Capacity utilization stood at 78.3% last month, the highest since 2007. Lastly, defying expectations, the University of Michigan's preliminary April consumer confidence survey increased while the inflation outlook was steady.

It's to be a quieter week for US data. March housing starts and existing home sales may begin seeing the impact of higher interest rates. The Fed's Beige Book for next month's meeting will be due in the middle of the week.

Several Fed officials were scheduled to speak this week, beginning with Bullard late today. The highlight may be on Thursday when Fed Chair Powell shares the IMF stage with ECB's Lagarde on a panel about the global economy.

At the end of the week, the flash April PMI will be released, and a mixed report is to be expected (softer manufacturingand an uptick in services).

Canada's highlights include March CPI, which was expected to have accelerated, and February retail sales, which likely fell.
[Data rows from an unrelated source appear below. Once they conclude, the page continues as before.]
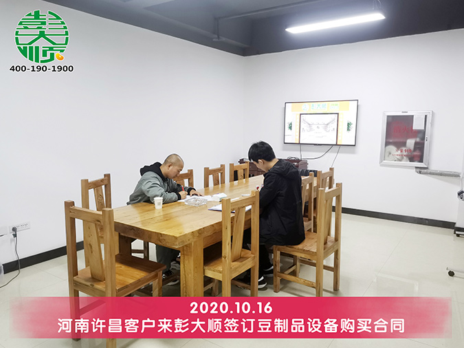 徐老板就擔(dān)心自己買了豆腐機(jī)設(shè)備但是做不出來好味道,到了彭大順現(xiàn)磨豆腐坊之后,現(xiàn)場品嘗了解后一切擔(dān)憂都解決了,于是愉快的與彭大順簽單達(dá)成合作,訂購小型豆腐機(jī)一套!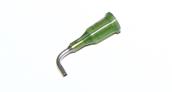 Dozujące igły aplikacyjne z tępą kaniulą wygiętą pod kątem prostym do aplikacji materiałów w trudno dostępnych miejscach. Kaniula każdej igły jest wykonana ze stali nierdzewnej i zamontowana za pomocą kleju w nylonowej szyjce z gwintowaną blokadą do przykręcenia do kartridża. Każda z igieł jest wyposażona w gwintowany system blokujący do niezawodnego i szybkiego mocowania do kartridża dozującego, strzykawki lub ręcznego dozownika.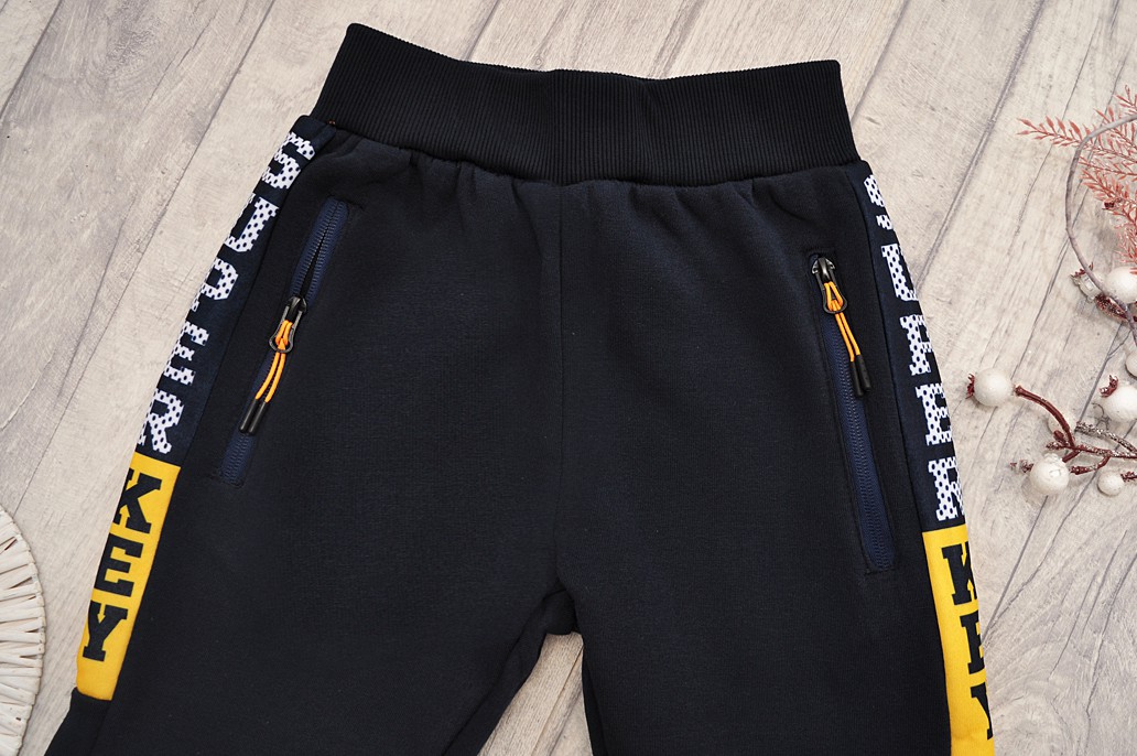 Granatowe SPODNIE ocieplane chłopięce spodenki dresowe SUPER KEY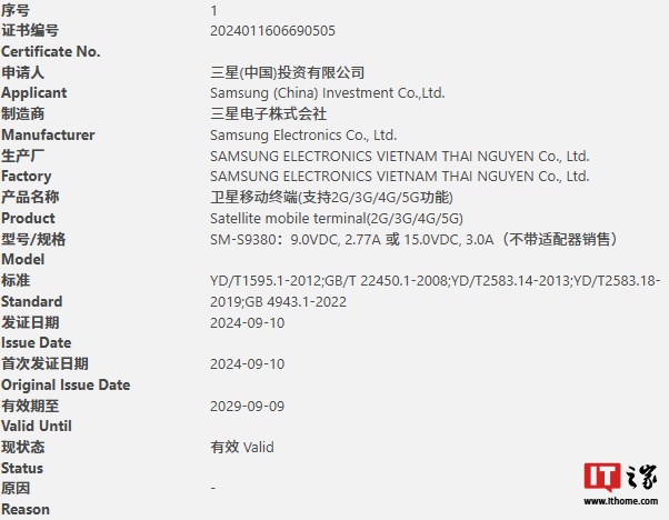 IT之家 9 月 11 日消息,型号为“SM-S9380”三星卫星移动终端已通过国内 3C 认证。认证信息显示,该机支持 2G / 3G / 4G / 5G 通信功能,提供 25W / 45W 快充(不带适配器销售)。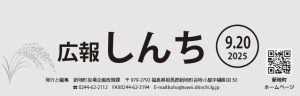 ふるさと産業まつりを開催します! 11月8日(土) 場所:役場駐車場および改善センター 入場無料 ■~イベント内容~ 特産品先着プレゼント ステージイベント 各種展示・体験コーナー 農産物品評会 など ■同時開催 ・健康福祉まつり ・保育展 ・図書館まつり ・下水道展 ※詳細は10月20日号の広報しんちの折り込みおよびホームページでお知らせします。 問い合わせ:産業振興課 商工観光係 【電話】62-2194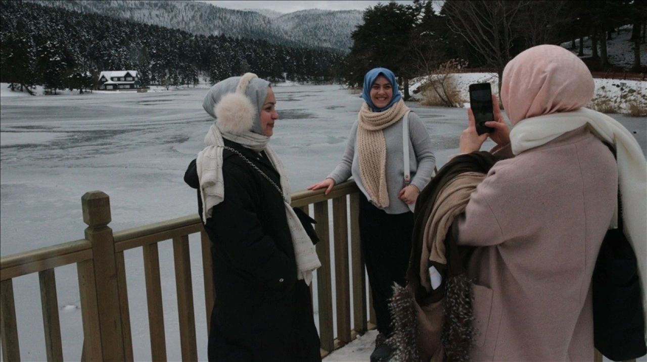 Soğuk havaya rağmen bölgeye gelenler, gölün etrafında yürüyüş yaptı, güzel manzara karşısında fotoğraf çektirdi.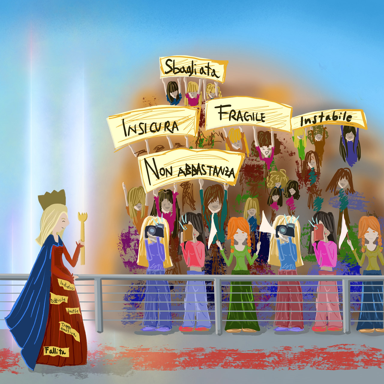 Una donna viene incoronata non per il suo successo, ma per le parole che le vengono imposte: “fragile”, “insicura”, “non abbastanza”, “fallita”, “troppo emotiva”.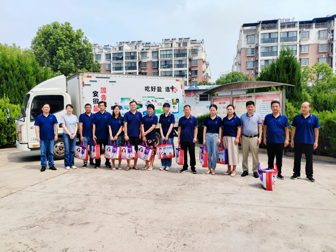 炎炎夏日送清涼,滴滴關(guān)懷暖人心,一份清涼一份關(guān)懷。8月11日安徽鹽業(yè)發(fā)展有限公司工會組織夏日送清涼慰問活動。公司工會主席曹明新帶隊前往長豐、淮南鹽業(yè)公司向一線營銷人員進行現(xiàn)場慰問,并送去防暑降溫物資。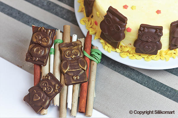 Originelle Form für die Zubereitung von sechzehn Pralinen. Neben der Form finden Sie auch ein Rezeptbuch zur Inspiration. Dank ihrer Form können die Eulen auch als Kuchendekoration verwendet werden. Die Form kann nach dem Gebrauch in der Spülmaschine gereinigt werden. Die Abmessungen einer Eule betragen 6,2 x 4 cm.

The Bank of Canada does not meet again until June 1 and the swaps market had 48 bp of tightening discounted.

Mexico's data diary will be light this week, and the most important release, the bi-weekly CPI and core rate reading through mid-April will be due at the end of the week. 

Late yesterday, the Mexican Congress defeated AMLO's controversial initiative that would have expanded the state's control of the electricity market. It did win a simple majority, but was well shy of the 2/3 majority needed.

AMLO was not deterred and will open a new front as early as today with a bill to exert more state control over lithium. His resource nationalism estranges investors.  

Weak stocks and defensive attitudes weighed on the Canadian dollar. The greenback was at three-day highs near CAD1.2640. Last week's high was closer to CAD1.2675 and a retracement objective was around CAD1.2700. Initial support today was pegged by CAD1.2620.

The Mexican peso appreciated 3% last month, but its strong run had morphed into a consolidative phase. The greenback appeared to have entered a MXN19.72-MXN20.20 range. It was straddling the MXN20.00 area today, where a $525 mln option was set to expire. A close above MXN20.00 would the first since Apr. 11.